One of the main principles in working with content or design of something is to moderate accents. Overloading a design or text material with a mass of eye-catching details, you run the risk of completely and completely knocking the attention of your audience from significant moments for you. As a researcher at MailChimp, I realized that our guys learned how to achieve good results using the exact opposite approach.

We start with the fact that absolutely everything is important - each of the indicators has its own story. Following the path of such stories, combining them into a single whole, we come to understand the directions of our research, highlight important points in them and set priorities.

Your customers are smarter than you

We do not put ourselves above the data and stories that we are trying to find in the course of research. We have many sources for obtaining source data: customer feedback in the mail, the results of questionnaires and interviews, usability testing, analytics, etc. The absence of unnecessary rush in the formation of assumptions about the possible results of our research helps us to feel freer in working with data.

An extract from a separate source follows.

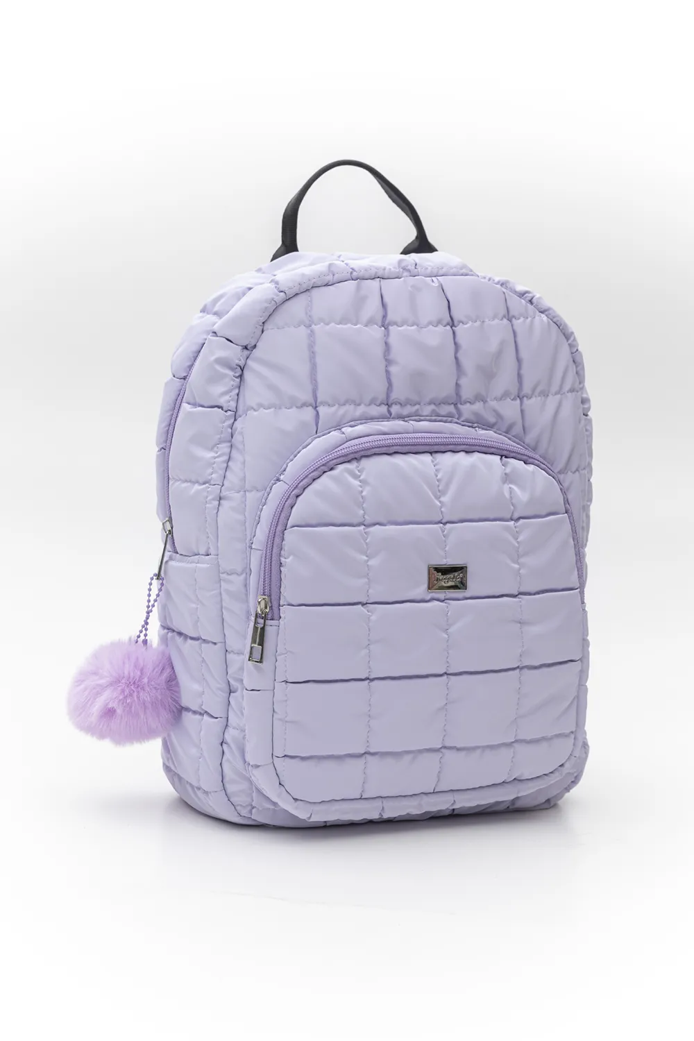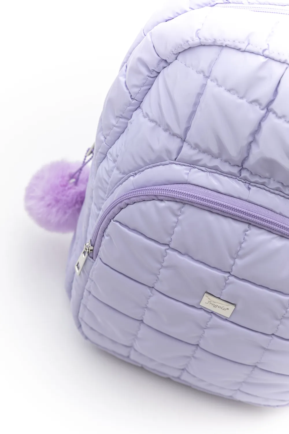 Puffer σακίδιο για όλες τις ηλικίες. Στο μπροστινό εξωτερικό μέρος υπάρχει μεγάλη βοηθητική τσέπη με φερμουάρ. Κλείσιμο με φερμουάρ και ιδιαίτερο γούνινο τελείωμα.Υλικό: Puffer αδιάβροχο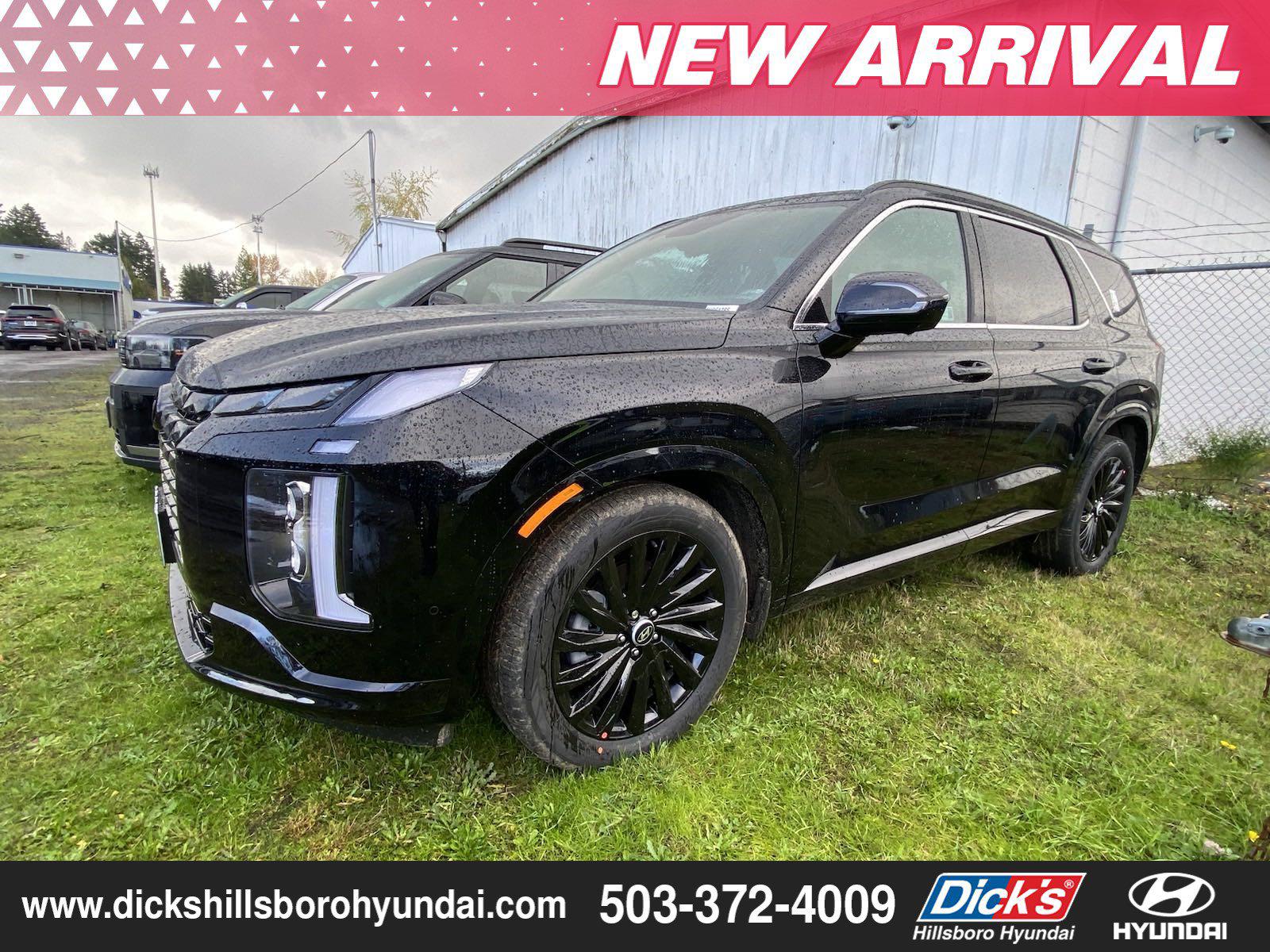2025 Hyundai Palisade Calligraphy Night Edition Abyss Black Pearl AWD V6 8-Speed Automatic with SHIFTRONIC12 Speakers, 3rd row seats: split-bench, 4-Wheel Disc Brakes, ABS brakes, Air Conditioning, Alloy wheels, AM/FM radio: SiriusXM, Apple CarPlay & Android Auto, Auto High-beam Headlights, Auto-dimming door mirrors, Auto-dimming Rear-View mirror, Auto-leveling suspension, Automatic temperature control, Brake assist, Bumper Applique, Bumpers: body-color, Cargo Block, Cargo Net, Carpeted Floor Mats, Compass, Delay-off headlights, Driver door bin, Driver vanity mirror, Dual front impact airbags, Dual front side impact airbags, Electronic Stability Control, Emergency communication system, Exterior Parking Camera Rear, First Aid Kit, Four wheel independent suspension, Front anti-roll bar, Front Bucket Seats, Front Center Armrest, Front dual zone A/C, Front reading lights, Fully automatic headlights, Garage door transmitter: HomeLink, harman/kardon® Speakers, Heads-Up Display, Heated & Ventilated Front Bucket Seats, Heated door mirrors, Heated front seats, Heated rear seats, Heated steering wheel, Illuminated entry, Knee airbag, Leather steering wheel, Low tire pressure warning, Memory seat, Microfiber Suede Seat Trim, Mudguards, Navigation System, Occupant sensing airbag, Option Group 01, Outside temperature display, Overhead airbag, Overhead console, Panic alarm, Passenger door bin, Passenger vanity mirror, Power door mirrors, Power driver seat, Power Liftgate, Power moonroof, Power passenger seat, Power steering, Power windows, Radio data system, Radio: AM/FM/MP3 Premium Audio System, Rain sensing wipers, Rear air conditioning, Rear anti-roll bar, Rear audio controls, Rear reading lights, Rear side impact airbag, Rear window defroster, Rear window wiper, Reclining 3rd row seat, Remote keyless entry, Roadside Assistance Kit, Roof rack, Security system, Speed control, Speed-sensing steering, Split folding rear seat, Spoiler, Steering wheel mounted audio controls, Tachometer, Telescoping steering wheel, Tilt steering wheel, Traction control, Trip computer, Turn signal indicator mirrors, Variably intermittent wipers, Ventilated front seats, Ventilated rear seats, Wheel Locks, Wheels: 20 x 7.5J Black Liquid Paint Alloy.Recent Arrival!

By untying our “inner” Colombo’s hands, without exaggerating our own importance and awareness, we consider each opinion as an expert opinion that carries weight and meaning. It is this approach that helps us find dependencies in the data under study.

Every day we receive letters with complaints and wishes about the work of our services and read each of them. Why? We are sure that our customers know much more about the use of MailChimp services, and if we work for them, then why not learn from them?

Last year, we received only one request for the function of notes in the subscriber’s profile, but we didn’t give up our thoughts on this topic - we contacted this person directly, dealt with his use-case and made appropriate changes to the development plan. Having paid due attention to even a single client appeal, we got the opportunity to help many users of our services.

Similarly, we approach the analysis of the results of the interview. For example, if the data shows us the direction for reflection towards eCommerce, we turn to customers and try to understand their typical and atypical workflow and their products. Understanding the context of our research helps us to achieve meaningful results.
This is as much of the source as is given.